▶ What the task asks: Would you repeat the listing below exactly, with no pictures in it?

▶ Provided data:
========

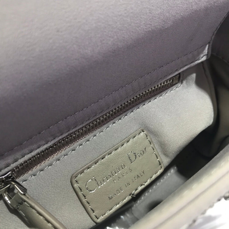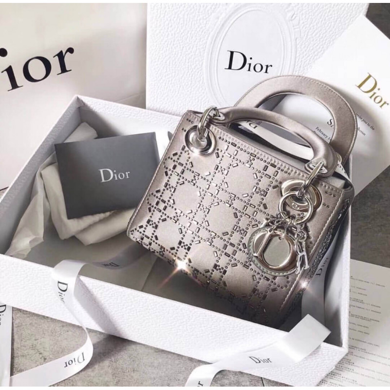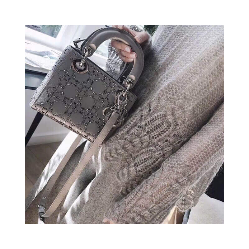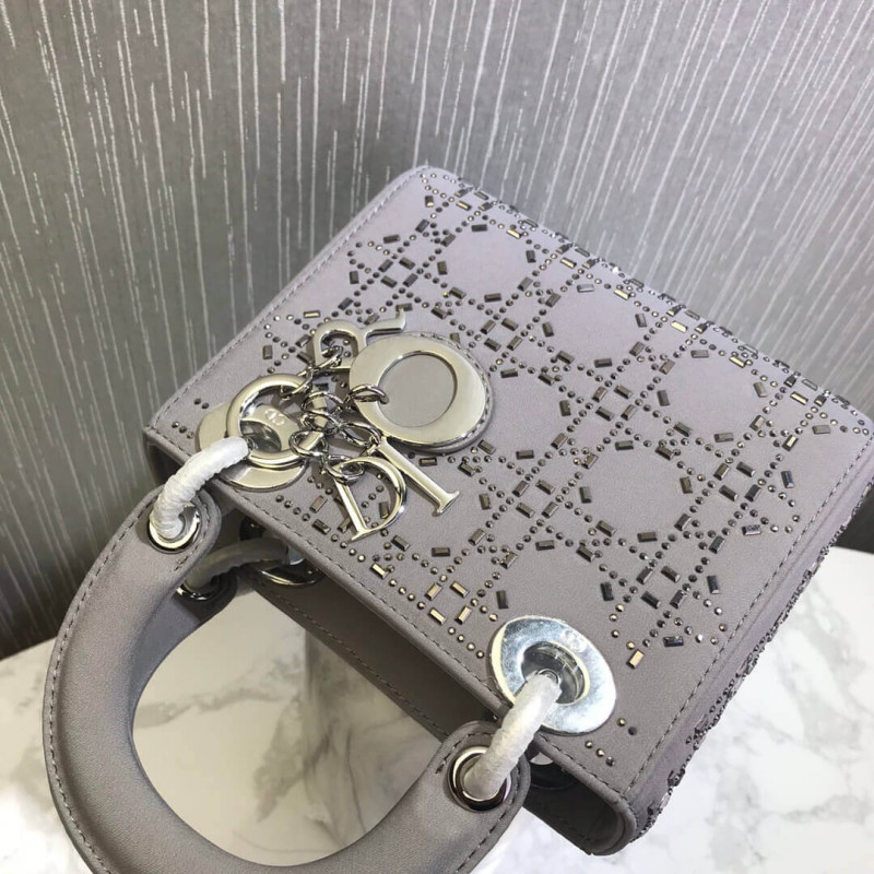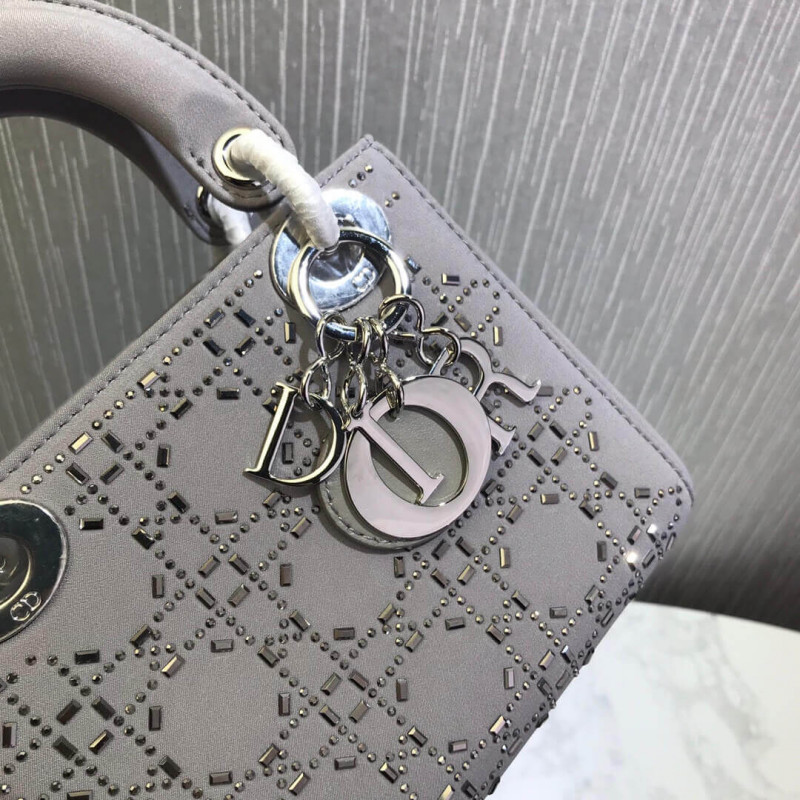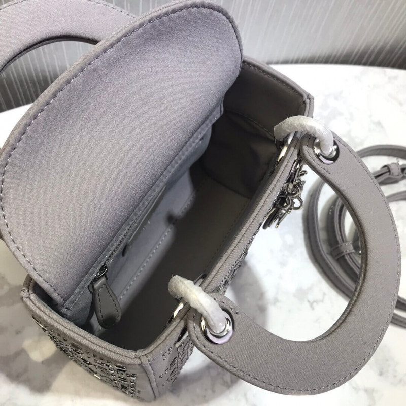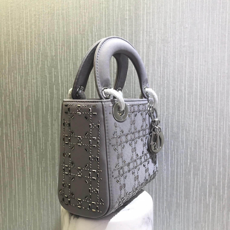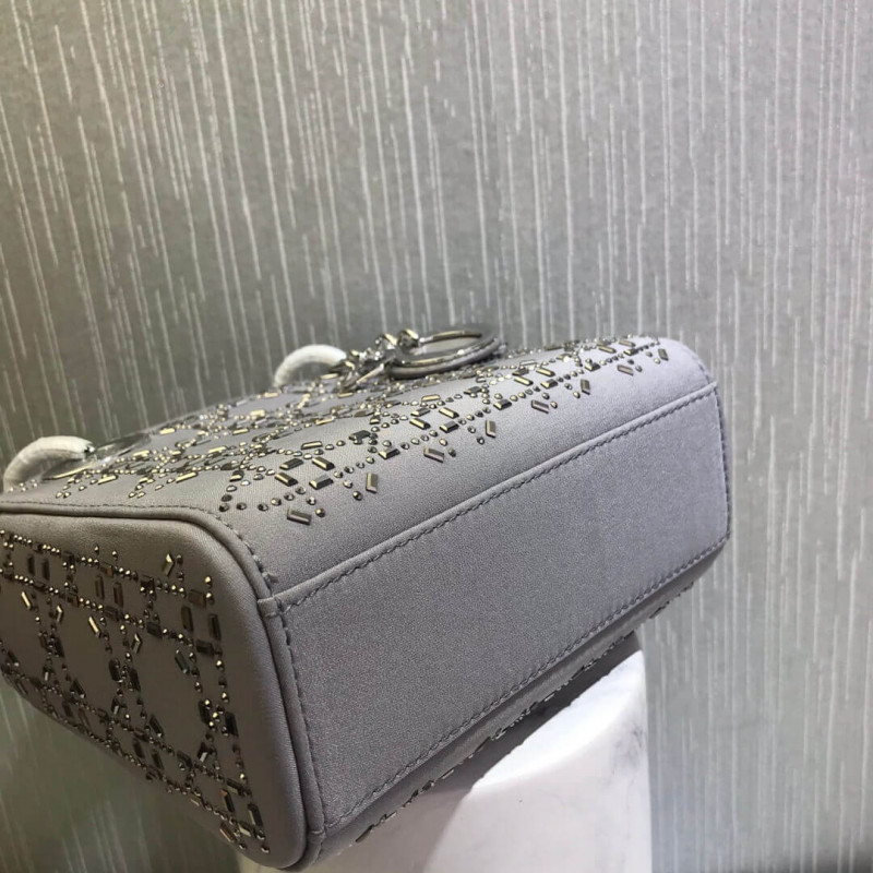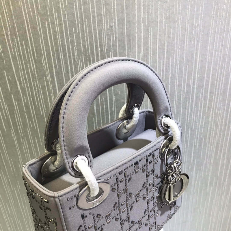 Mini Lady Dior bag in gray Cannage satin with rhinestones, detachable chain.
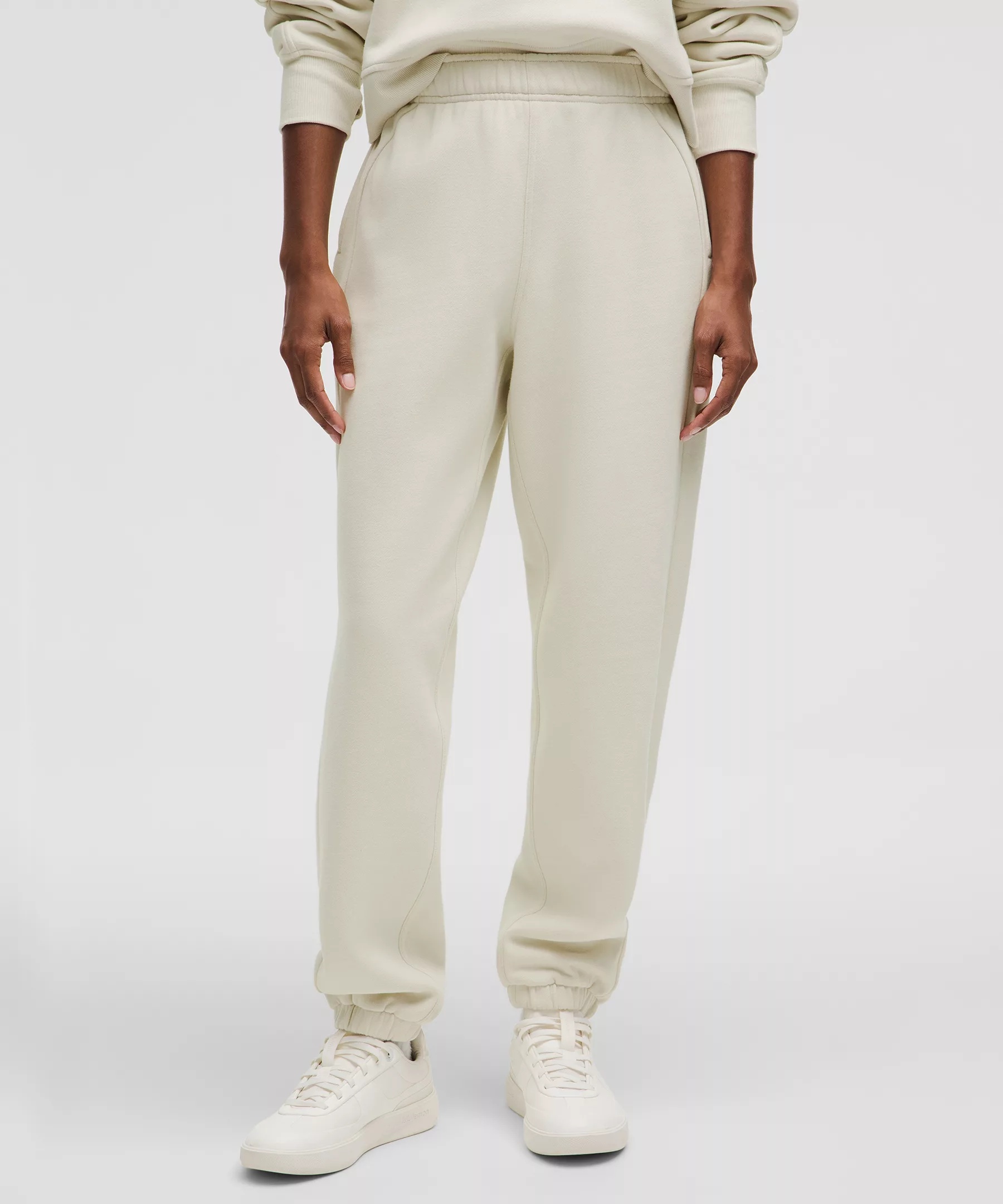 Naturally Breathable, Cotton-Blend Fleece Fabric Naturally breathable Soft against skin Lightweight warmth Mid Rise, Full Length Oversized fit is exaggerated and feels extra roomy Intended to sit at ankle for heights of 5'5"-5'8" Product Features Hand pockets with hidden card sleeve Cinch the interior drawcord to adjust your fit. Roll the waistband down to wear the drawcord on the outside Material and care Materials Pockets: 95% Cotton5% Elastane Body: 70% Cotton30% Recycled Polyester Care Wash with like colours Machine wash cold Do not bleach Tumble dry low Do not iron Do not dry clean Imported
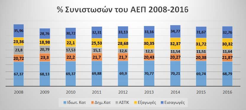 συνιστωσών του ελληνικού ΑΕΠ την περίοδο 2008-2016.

========

▶ Result:
 Mini Lady Dior bag in gray Cannage satin with rhinestones, detachable chain.
 Naturally Breathable, Cotton-Blend Fleece Fabric Naturally breathable Soft against skin Lightweight warmth Mid Rise, Full Length Oversized fit is exaggerated and feels extra roomy Intended to sit at ankle for heights of 5'5"-5'8" Product Features Hand pockets with hidden card sleeve Cinch the interior drawcord to adjust your fit. Roll the waistband down to wear the drawcord on the outside Material and care Materials Pockets: 95% Cotton5% Elastane Body: 70% Cotton30% Recycled Polyester Care Wash with like colours Machine wash cold Do not bleach Tumble dry low Do not iron Do not dry clean Imported
 συνιστωσών του ελληνικού ΑΕΠ την περίοδο 2008-2016.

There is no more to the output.